A prefeitura justificou que “as receitas e despesas municipais não são lineares ao longo do ano, sendo as receitas mais presentes no primeiro semestre, devido principalmente ao recebimento à vista do IPTU e de parcela do IPVA transferida pelo Estado, ao passo que as despesas são mais fortes no segundo semestre, em parte como efeito do 13º salário e da maior despesa com programação de férias”, em nota encaminhada pela Secretaria Municipal da Fazenda. “Sendo assim, é normal o caixa municipal se elevar no primeiro semestre do ano para, contudo, ser integralmente utilizado ao longo do segundo semestre”, completou.

No entanto, os dados de arrecadação dos últimos três anos desmentem a afirmação da secretaria.

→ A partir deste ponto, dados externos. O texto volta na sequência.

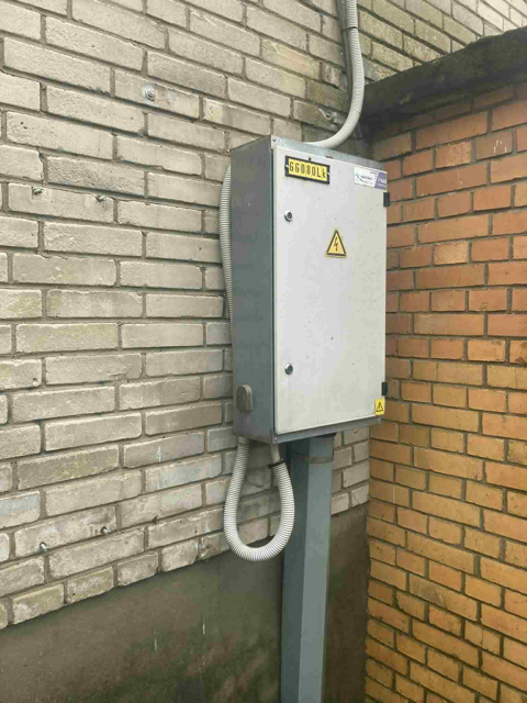 Korterelamu sees liitumiskilbi ja arvestite vahelise kaablite vahetus.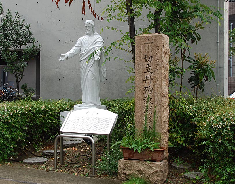 ![]() 聖堂前 イエス像と切支丹殉教顕彰碑 |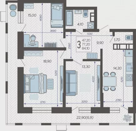 Продается 3-х комн. новостройка, 84.1 кв.м., 6/12 эт

A arrecadação de 2016, último ano da gestão de Fernando Haddad (PT) manteve-se estável até o final do ano, diferentemente do que diz a gestão Doria, que a arrecadação tende a cair no final do ano. Com exceção de fevereiro, quando a o montante arrecadado foi 9,49% do total esperado para o ano, nos outros meses o percentual ficou entre 6,4% e 7,8%, sem mudanças significativas entre o início, o meio e o final do ano.

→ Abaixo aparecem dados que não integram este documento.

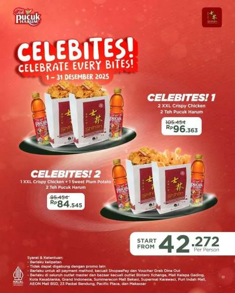 - Celebites 1 (Rp 96.363): 2 XXL Crispy Chicken + 2 Teh Pucuk Harum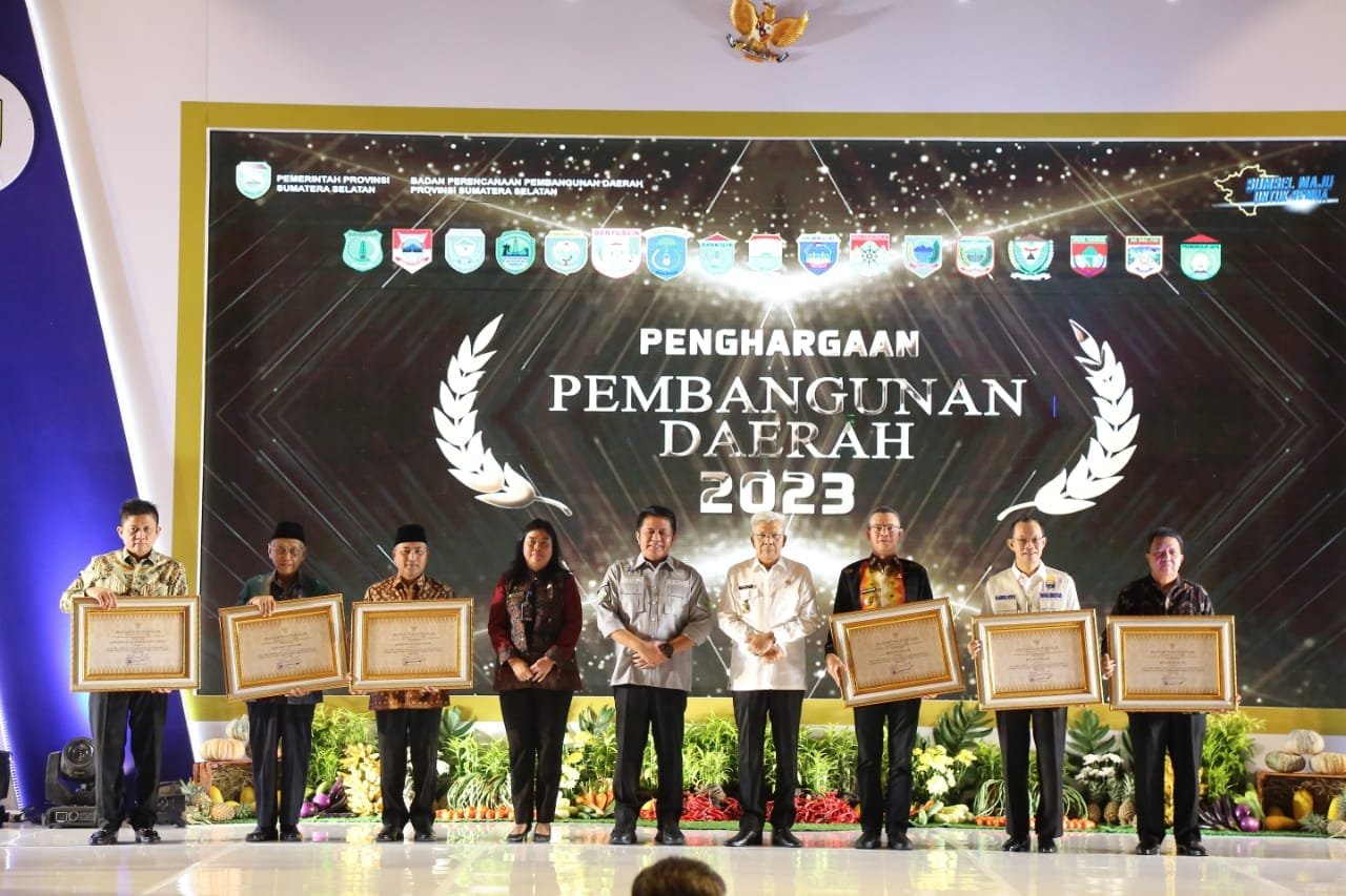 Pada kesempatan ini Gubernur Herman Deru menyerahkan penghargaan pembangunan daerah kepada 6 Kabupaten/Kota terbaik diantaranya Kabupaten OKU Timur, Banyuasin dan MUBA. Serta Kota Pagaralam, Palembang dan Prabumulih.

Média semelhante à de 2015, que teve forte avanço em dezembro, com 13,07% do total anual esperado. Em 2014, ano que teve o pior resultado orçamentário da gestão Haddad, os números mantiveram praticamente a mesma média, com percentuais mais baixos.

A Secretaria da Fazenda também argumentou que “nem todos os recursos do município têm aplicação livre”. “A maioria é vinculada por lei à aplicação em setores específicos, o que é o caso dos recursos pertencentes aos fundos municipais e aos integrantes das operações urbanas consorciadas. Excluindo-se esses recursos, verifica-se que o caixa do município disponível para o custeio das suas despesas ordinárias é muito inferior ao apontado. O caixa atual é levemente inferior à média do caixa disponível observado nos últimos anos, neste período do ano”. No entanto, a gestão não apresentou nenhum dado que comprovasse a última informação.